Dans cette recomposition, un acteur inquiète particulièrement : la Turquie : Ankara a multiplié ces dernières années les implantations militaires et les accords économiques dans la région, notamment en Somalie. La stratégie turque combine aide humanitaire, influence religieuse, coopération militaire et investissements dans les infrastructures portuaires. Pour Israël comme pour l’Éthiopie, cette présence croissante modifie l’équation stratégique.


Mais l’alliance ne se limite pas à la sécurité. L’Éthiopie demeure un pays aux richesses largement sous-exploitées : potentiel agricole immense, ressources minières, barrages hydroélectriques, paysages spectaculaires des hauts plateaux aux vallées du Rift. Son patrimoine historique, berceau d’une des plus anciennes civilisations chrétiennes du monde, attire un tourisme encore fragile mais prometteur.
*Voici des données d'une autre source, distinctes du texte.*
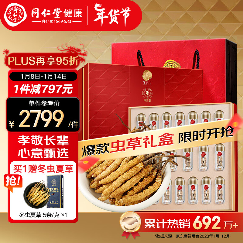 北京同仁堂 青源堂【年货礼盒送长辈】 冬虫夏草 4条/g 20克礼盒 虫草 无竹签无断草冻干干虫草送父母礼品价格:3594.00元!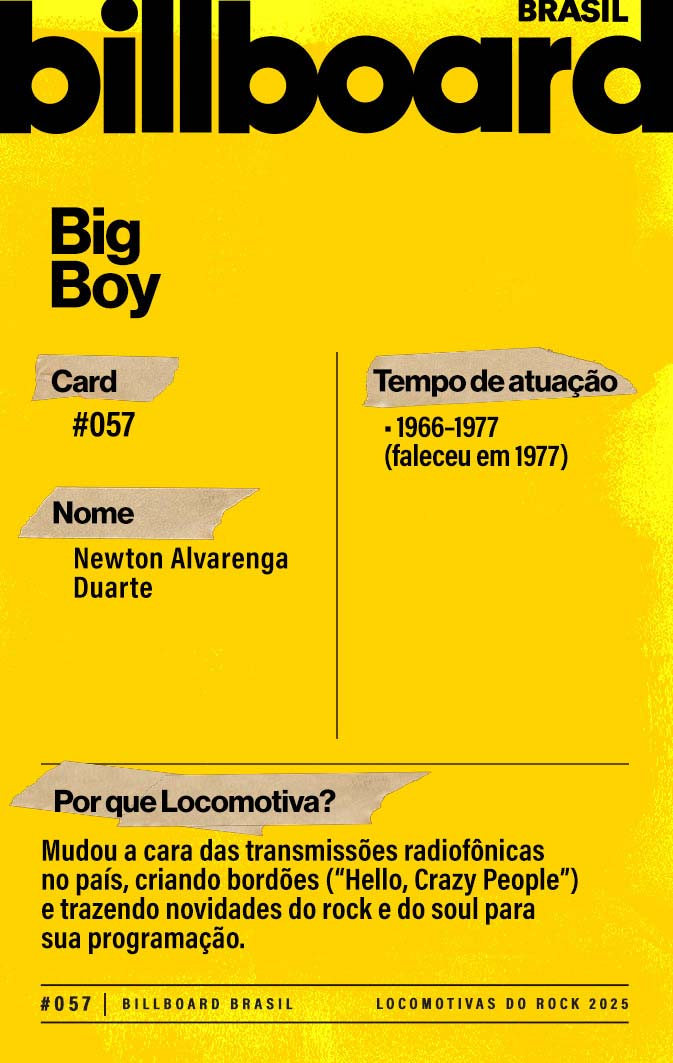 Baixe e CompartilheBrilhou inicialmente como DJ da Rádio Mundial. Ele tem feitos memoráveis, como ser o primeiro DJ a tocar "Let it Be", dos Beatles, e promover bailes de soul e funk na zona norte do Rio. Big Boy morreu em 1977, de um ataque de asma. Tinha 33 anos.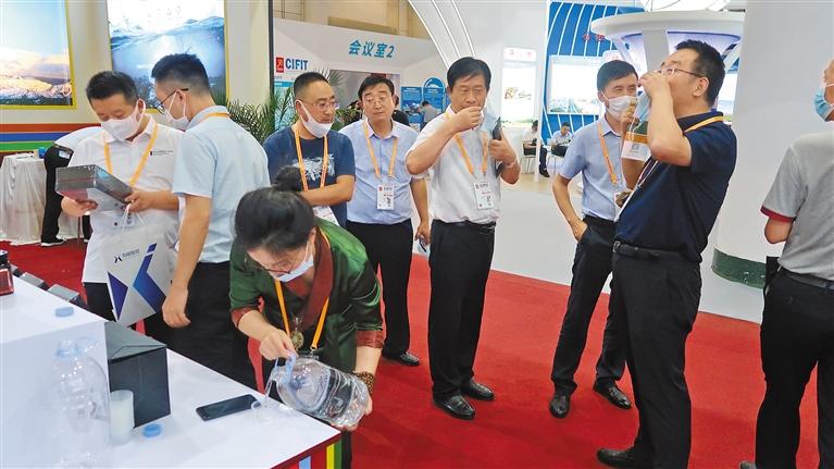 近年來,西藏加快發(fā)展飲用水產(chǎn)業(yè),積極拓展飲用水產(chǎn)品銷售渠道,在區(qū)內(nèi)外各種展覽會(huì)、展銷會(huì)、博覽會(huì)上大力推銷水產(chǎn)品。 圖為2020廈門國(guó)際投資貿(mào)易洽談會(huì)暨絲路投資大會(huì)上,與會(huì)者在展示展銷會(huì)現(xiàn)場(chǎng)品鑒西藏“地球第三極”產(chǎn)業(yè)發(fā)展有限公司生產(chǎn)的天然飲用水產(chǎn)品。(資料圖片)記者 王超 攝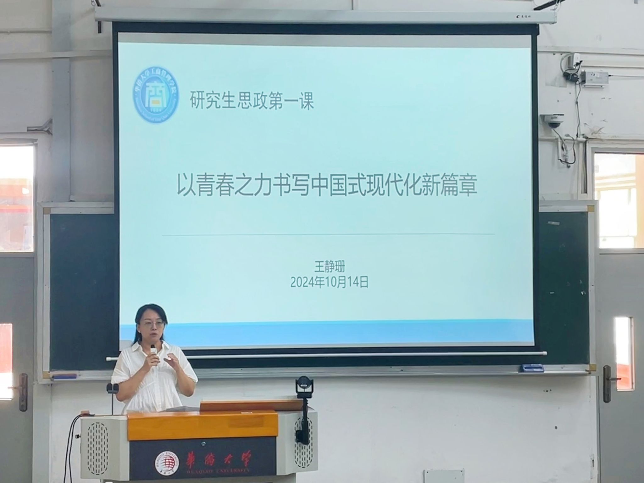 为进一步细化立德树人根本任务,充分发挥思政课的教育引领作用,10月14日,工商管理学院研究生思政第一课于祖杭楼1-6顺利举办。学院党委副书记王静珊老师以“以青春之力书写中国式现代化新篇章”为主题向研究生骨干授课。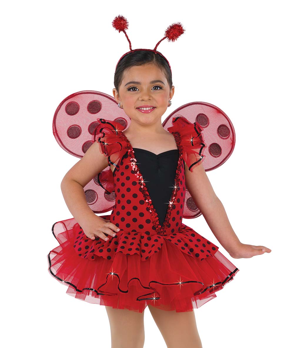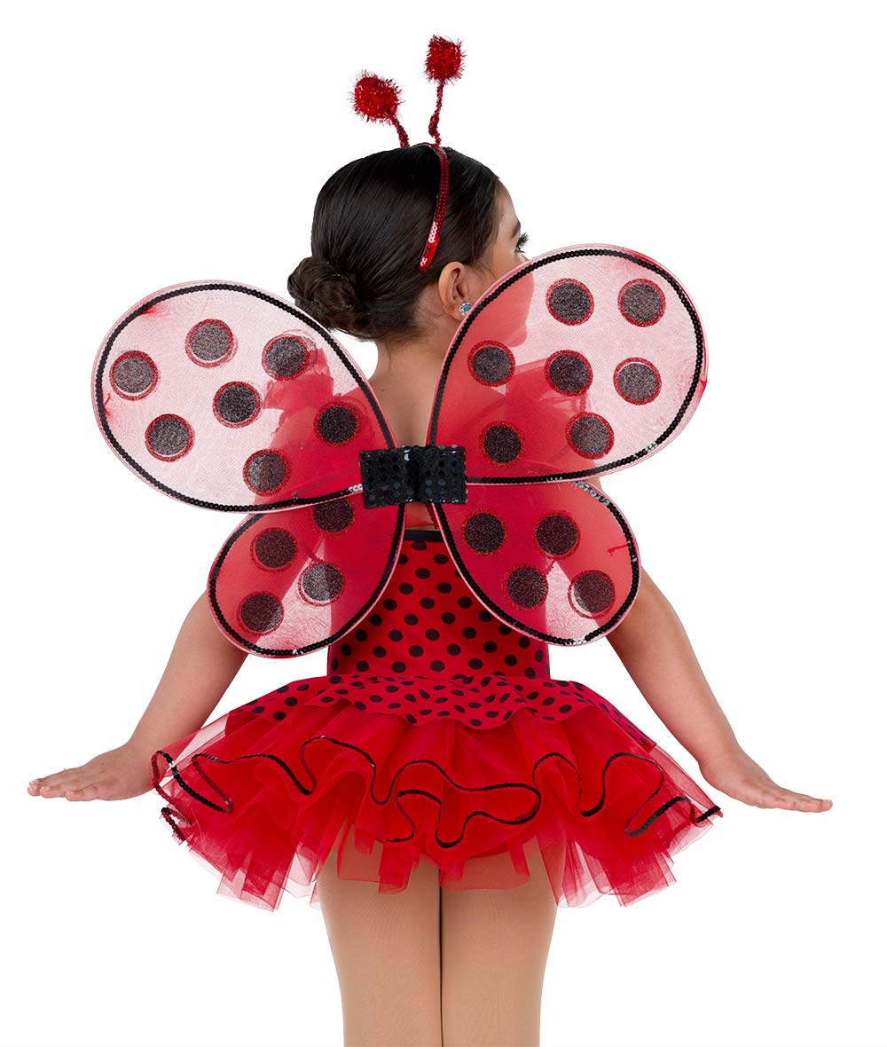 Polka dot and solid spandex skirted leotard with attached sequin trim. Attached sequin trimmed organza ruffle sleeves and tutu. Shoe bows sold separately. Made in the USA.

Israël, de son côté, y voit un partenaire économique à long terme : innovation agricole, technologies médicales, cybersécurité, formation professionnelle. La diaspora éthiopienne en Israël constitue également un pont humain et culturel unique entre les deux nations.


La visite d’Isaac Herzog intervient dans un moment charnière. La guerre à Gaza, les tensions au Liban, les rivalités avec l’Iran et ses alliés redessinent les priorités israéliennes. En Afrique, Jérusalem cherche à consolider un réseau d’alliances pragmatiques fondées sur la sécurité et le développement.


Pour Addis-Abeba, le partenariat avec Israël offre expertise technologique, coopération militaire et soutien diplomatique dans un environnement régional instable. Pour Israël, l’Éthiopie représente un pivot stratégique au cœur de la Corne de l’Afrique et à proximité immédiate des routes maritimes vitales reliant l’Asie à l’Europe.





Au-delà des discours officiels, cette visite traduit une convergence d’intérêts : stabilité régionale, maîtrise des flux maritimes, développement agricole et énergétique. Dans une Afrique de plus en plus courtisée par les grandes puissances, l’alliance israélo-éthiopienne s’inscrit comme un axe discret mais structurant.


Le « pays de la reine de Saba » appelé Koush à l'époque dU Roi  Salomon, n’est pas seulement une référence biblique. Il est devenu un acteur clé d’un échiquier stratégique où se croisent ambitions africaines, intérêts moyen-orientaux et rivalités globales.